In determining whether a relationship is sufficiently close to require disqualification, "[t]rial courts are directed to look at myriad factors surrounding the particular relationship in issue, such as the frequency, recency or currency of the contact, whether it was direct contact, and the nature of the relationship as personal and/or professional . . . or merely a nodding acquaintance" (People v Cross, 174 AD3d 1311, 1312 [4th Dept 2019], lv denied 34 NY3d 950 [2019] [internal quotation marks omitted]; see Furey, 18 NY3d at 287-288; Farley, 164 AD3d at 1634-1635).

We conclude that the nature of the relationship between prospective juror No. 10 and the prosecutor was not of such a nature that would likely "preclude [prospective juror No. 10] from rendering an impartial verdict" (CPL 270.20 [1] [c]; see People v Scott, 16 NY3d 589, 595 [2011]). The prospective juror and the prosecutor were neighbors for only six months, and there is no indication that they ever socialized as neighbors or anytime afterward. Indeed, it appears that the prospective juror did not recognize the prosecutor until the prosecutor raised the issue himself.

Defendant contends, with respect to the count of murder in the first degree, that the evidence is legally insufficient to support the conviction and the verdict is against the weight of the evidence. We reject those contentions. In reviewing the legal sufficiency of the evidence, where, as here, the defendant contends that their conviction is not supported by legally sufficient evidence, we review the evidence in the light most favorable to the People and will not disturb the conviction as long as there exists " 'any valid line of reasoning and permissible inferences which could lead a rational person to the conclusion reached by the jury on the basis of the evidence at trial' " (People v Galindo, 23 NY3d 719, 724 [2014], quoting People v Bleakley, 69 NY2d 490, 495 [1987]).
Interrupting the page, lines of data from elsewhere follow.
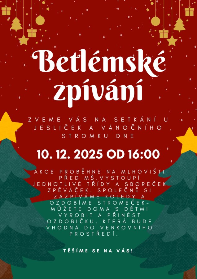 Zveme vás na setkání u jesliček a vánočního stromku.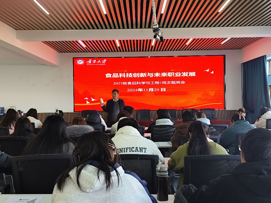 为深入贯彻公司党委关于领导干部“深入员工群体”的工作要求,加强公司与员工之间的沟通交流,11月29日,2023级食品科学与工程1班在明远楼512会议室成功举办了“食品科技创新与未来职业发展”主题班会。本次班会由班主任曹松敏老师主持,刘源经理出席并与全班同学共同探讨食品科技前沿动态及职业发展方向。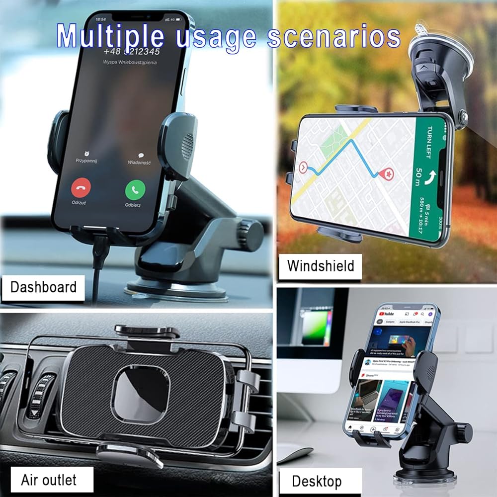 [حاملات هواتف عالمية 3 في 1] 3 طرق تركيب لتختار منها لاستخدام أفضل في الحياة اليومية! عملي جدا! مثالي للتركيب على درع السيارة ولوحة القيادة وفتحة التهوية، وجميع المواد المطلوبة متضمنة في العبوة، ولا تحتاج إلى أي أدوات خاصة للتثبيت أو تغيير الطريقة. طرق التثبيت مدرجة في الوصف كما ترون!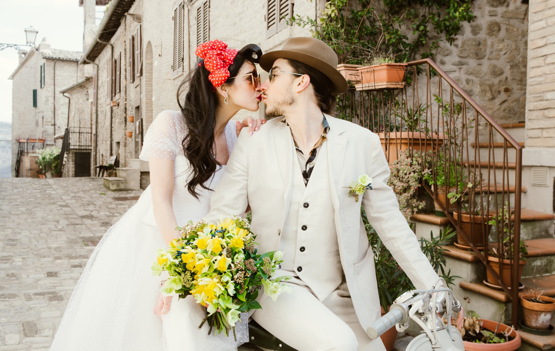Why have one wedding look when you can have two? After the ceremony, the couple changed into retro-inspired wedding wear to hit the streets of Montone, a beautiful mediaeval village in Umbria. Both wedding dresses are from Chiara Vitale, each with their own special Italian elegance. Visage Studio Estetico created the makeup looks and 50 Sfumature di Colore completed the look with beautiful hair styling.
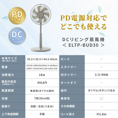 扇風機 DCモーター 30cm PD対応 リビング扇風機 dc扇風機 静音 切タイマー 無段階風量調節 ELTP-BUD30(C) DCリビング扇風機 左右首振り 首ふり モバイルバッテリーでも動かせる 換気 山善 YAMAZEN 【送料無料】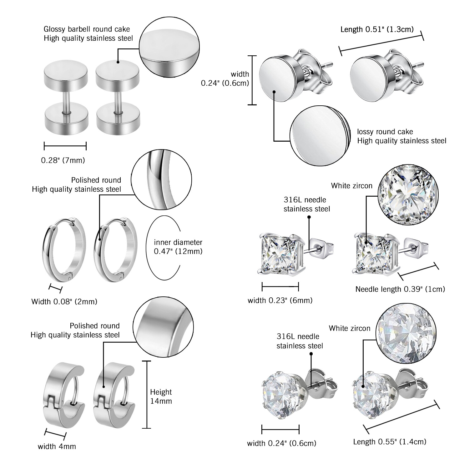 *SIZE--2Pairs CZ Stud Earring: L&W: 0.39"(1cm)*0.23"(6mm)+0.55"(1.4cm)*0.24"(0.6cm); 2 Pairs Hoop Earrings: Width 0.08"(2mm) Inner diameter 0.27"(7mm),0.35"(9mm),0.47"(12mm),0.55"(14mm)+H&W 14mm, 4mm; 2 Pairs Round Stud Earrings: L&W: 0.28"(7mm)*0.28"(7mm)+ 0.51"(1.3cm)*0.24"(0.6cm)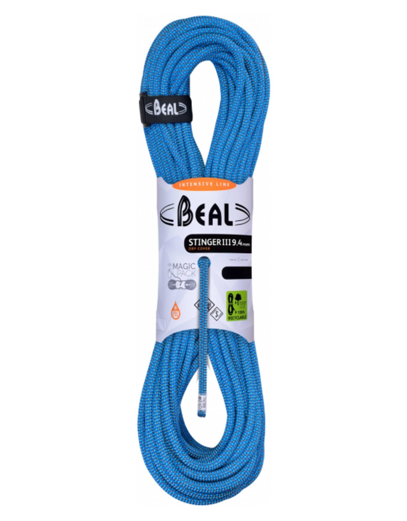 Corde à simple Beal Stinger III 9,4 mm conçue pour les grimpeurs experts : légère, fluide et polyvalente pour l’escalade comme l’alpinisme, avec technologie Unicore pour âme et gaine soudées, traitements Dry Cover et Thermo Fluid offrant résistance à l’abrasion, protection humidité et maniabilité compacte.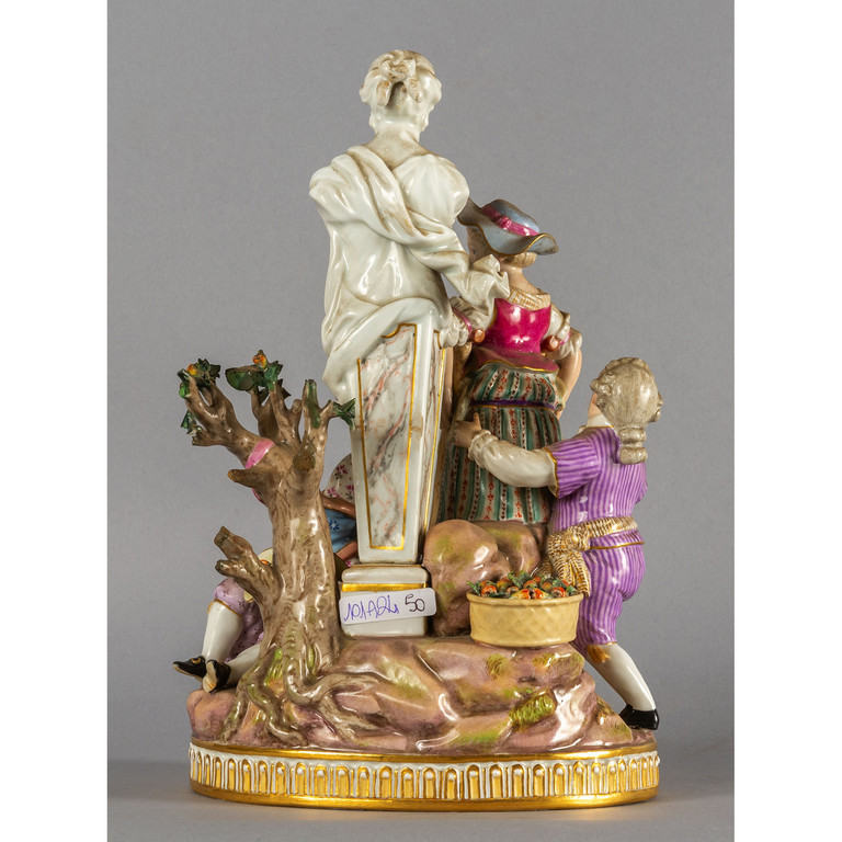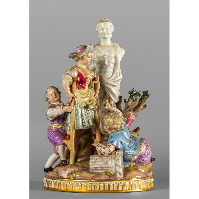 Gruppo in porcellana policroma raffigurante tre bambini intorno ad un'erma Meissen sec.XIX

As relevant here, a defendant "is guilty of murder in the first degree when[,] . . . [w]ith intent to cause the death of another person, [the defendant] causes the death of such person or of a third person; and . . . the intended victim was a witness to a crime committed on a prior occasion and the death was caused for the purpose of preventing the intended victim's testimony in any criminal action or proceeding whether or not such action or proceeding had been commenced" (Penal Law § 125.27 [1] [a] [v]).